§ YOUR TASK: In the entries below, begin at the line with "Tato stylová kabelka" and stop after the line with "Het grote ronde"; output those lines exactly and omit the pictures.

§ DATA UNDER STUDY:
━━━━━━━━━━━━━━━━━━━━

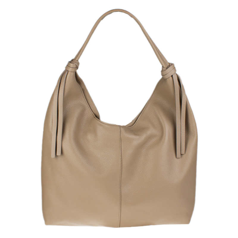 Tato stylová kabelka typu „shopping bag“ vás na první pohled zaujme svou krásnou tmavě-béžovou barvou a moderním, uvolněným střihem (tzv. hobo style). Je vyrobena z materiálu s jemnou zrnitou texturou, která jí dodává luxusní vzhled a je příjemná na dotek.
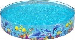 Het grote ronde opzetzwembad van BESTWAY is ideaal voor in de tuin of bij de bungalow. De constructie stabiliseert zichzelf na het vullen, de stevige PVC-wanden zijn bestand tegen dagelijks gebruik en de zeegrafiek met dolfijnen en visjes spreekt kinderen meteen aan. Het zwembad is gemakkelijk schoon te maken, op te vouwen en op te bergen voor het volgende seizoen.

━━━━━━━━━━━━━━━━━━━━

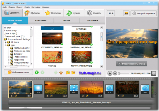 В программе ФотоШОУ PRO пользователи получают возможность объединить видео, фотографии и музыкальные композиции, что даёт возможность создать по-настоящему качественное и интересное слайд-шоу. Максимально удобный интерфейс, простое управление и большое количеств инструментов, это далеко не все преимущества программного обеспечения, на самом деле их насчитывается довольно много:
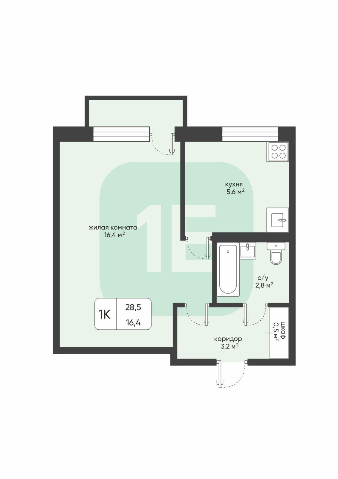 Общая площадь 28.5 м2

━━━━━━━━━━━━━━━━━━━━

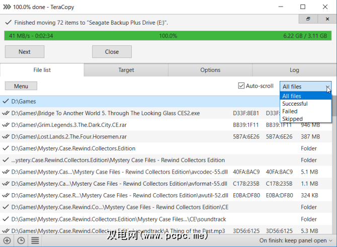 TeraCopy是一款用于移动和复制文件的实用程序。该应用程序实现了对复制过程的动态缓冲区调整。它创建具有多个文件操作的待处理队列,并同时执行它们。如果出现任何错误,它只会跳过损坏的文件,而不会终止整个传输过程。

━━━━━━━━━━━━━━━━━━━━

§ EXPECTED ANSWER:
 Tato stylová kabelka typu „shopping bag“ vás na první pohled zaujme svou krásnou tmavě-béžovou barvou a moderním, uvolněným střihem (tzv. hobo style). Je vyrobena z materiálu s jemnou zrnitou texturou, která jí dodává luxusní vzhled a je příjemná na dotek.
 Het grote ronde opzetzwembad van BESTWAY is ideaal voor in de tuin of bij de bungalow. De constructie stabiliseert zichzelf na het vullen, de stevige PVC-wanden zijn bestand tegen dagelijks gebruik en de zeegrafiek met dolfijnen en visjes spreekt kinderen meteen aan. Het zwembad is gemakkelijk schoon te maken, op te vouwen en op te bergen voor het volgende seizoen.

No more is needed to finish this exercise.